1.2 Indicator measurement
Each participant was tested by the same physician with the same experience following standard procedures. All inspections and tests were carried out in a comfortable and quiet laboratory. All participants in the study completed a questionnaire on the frequency of outdoor activities. All participants underwent fundus examination under the same ophthalmologist, and the ophthalmologist issued a diagnosis.
Standing height and weight were measured under fasting, without shoes, on the same one-piece scale. The BMI value was obtained by calculating the participant's weight (kg) divided by the square of height (m2). The blood pressure of the participant's right arm was measured with a mercury sphygmomanometer after 30 minutes of sitting and resting.
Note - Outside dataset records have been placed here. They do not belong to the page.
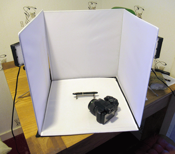 In the end I bought two table lights. These are quite powerful 60 LED lamps that light the setup quite well. They sit on extensible tripods, not the best idea in the world as the tripod legs prevent the lamp getting close to the light box. I may stop using the tripods and mount the lamps on small blocks instead.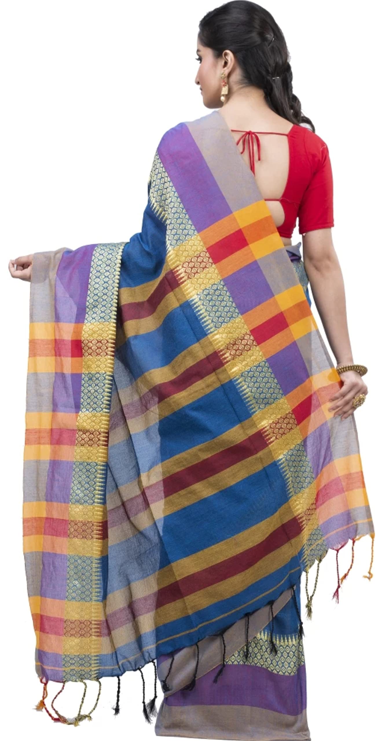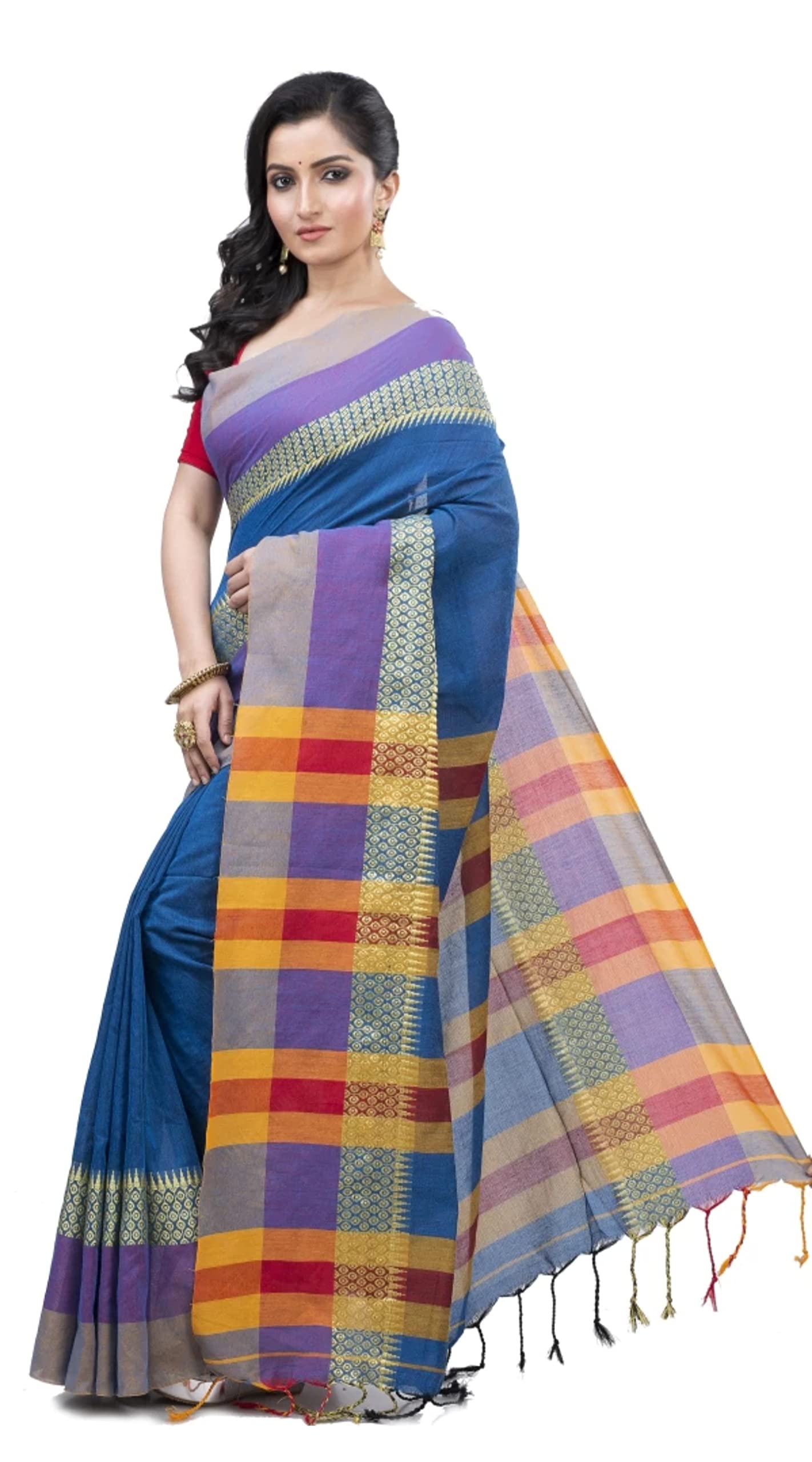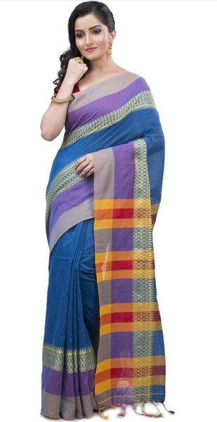 OISHANI SAREE GHOR Women's Traditional Bengal Handloom Cotton Saree (Teal)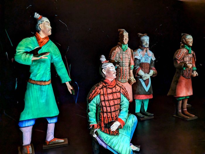 Scholars continue to debate how the thousands of soldiers of the Terracotta Army were made, reflecting the extraordinary scale and sophistication of the project. According to many Chinese researchers, each figure was crafted as a unique individual. Evidence supporting this view includes visible traces of potters’ tools on the interior surfaces of the figures, fingerprints and handprints left by craftsmen during shaping, and inscriptions bearing the names of individual artisans or workshops carved or stamped onto the statues. A different and influential interpretation was advanced by the German sinologist Lothar Ledderose, who described the creation of the Terracotta Army as an early form of mass production. In his view, the figures were manufactured using a modular system: standardized components such as arms, legs, and torsos were produced in molds, and then assembled in a variety of combinations. After assembly, surface details were refined by hand, allowing for variation within an otherwise standardized framework. This method would have enabled the Qin state to produce thousands of figures efficiently while maintaining a high degree of visual diversity. Despite their differences, both interpretations agree that the heads were made separately from the bodies, individually modeled, and fired independently before being attached. After firing, the statues were painted in vivid colors – including reds, blues, greens, and purples – to enhance their realism. Although much of this pigmentation had faded or flaked away since excavation, traces of the original paint survive and can be scientifically analyzed, allowing scholars to reconstruct the army’s original, brightly colored appearance. This highly organized system of production in which responsibility and quality control were carefully monitored, while still allowing room for individual craftsmanship, resulted in a vivid portrayal of a Qin army rather than a mass of identical statues.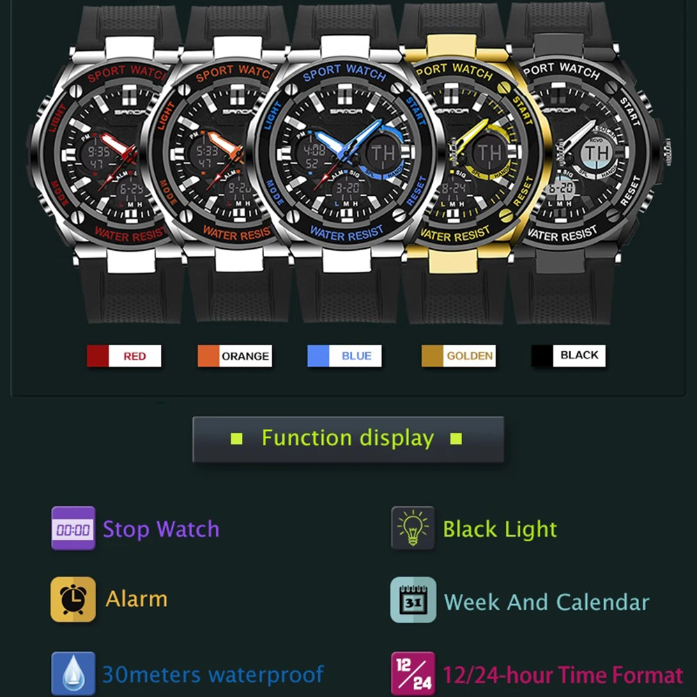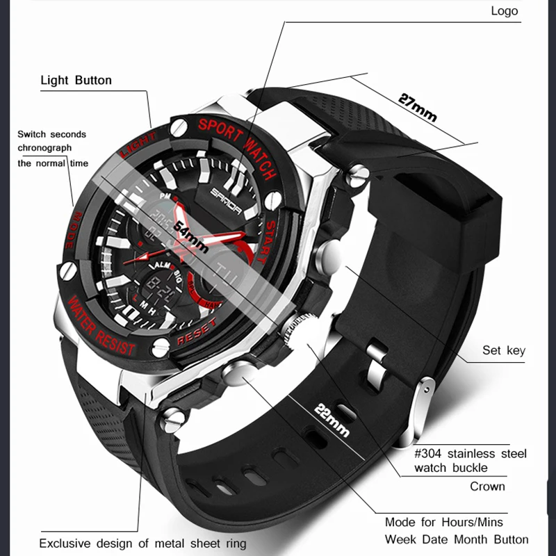 High light:Luxury brand men watch sport digital watch

Participant blood samples were collected during the summer months, July, August, and September, which can avoid seasonal differences in light. Venous blood was collected from each participant in the morning after a 10–12 hour fast. An automated assay (Maglumi 4000; China) was used to measure vitamin D according to the instruction of the manufacturer. We used high-performance liquid chromatography to detect HbA1c (D10; Bio–Rad, Berkeley, CA). We used automatic biochemical analyzers (Cobas 8000; Roche, Germany) uniformly to measure fasting plasma glucose, liver function [aspartate transaminase (AST), alanine transaminase (ALT)], kidney function (serum creatinine), and blood lipids [low-density lipoprotein (LDL) cholesterol, high-density lipoprotein (HDL) cholesterol and total cholesterol (TC)]. Urinary albumin concentration and urinary creatinine were evaluated using immunohypertensive assays. This study was calculated from the ratio of urinary albumin (mg) to urinary creatinine (g) urinary albumin-creatinine ratio (UACR). All glomerular filtration rates were obtained by the formula "Ccr= {[140-age (years) × weight (kg)]/[0.818 × serum creatinine (Scr, µmol/L)]} for men and Ccr × 0.85 for women".
1.3 Followed up for one years
All diabetes without retinopathy enrolled were followed up by readmission after one year. The same ophthalmologist reassessed all follow-up participants for fundus examination. The follow-up participants were divided into two subgroups based on the presence or absence of new-onset DR ( the new-DR group and the non-DR group).
1.4 Statistical analysis
Statistical analysis was performed on most of the data using SPSS version 19.0. Baseline characteristics were expressed as the mean (SD). One-way analysis of variance (ANOVA) was used for two-way comparisons between the three groups. The count data of baseline characteristics were compared using the chi-square test. Data were compared between the two subgroups using a t-test. Vitamin D was added to the logistic regression model to control for possible confounders. A ROC curve was used to make a cut-off value for vitamin D in people with diabetes. Pearson analysis was used to compare the correlation between vitamin D and HbA1c. P < 0.05 was considered statistical significance.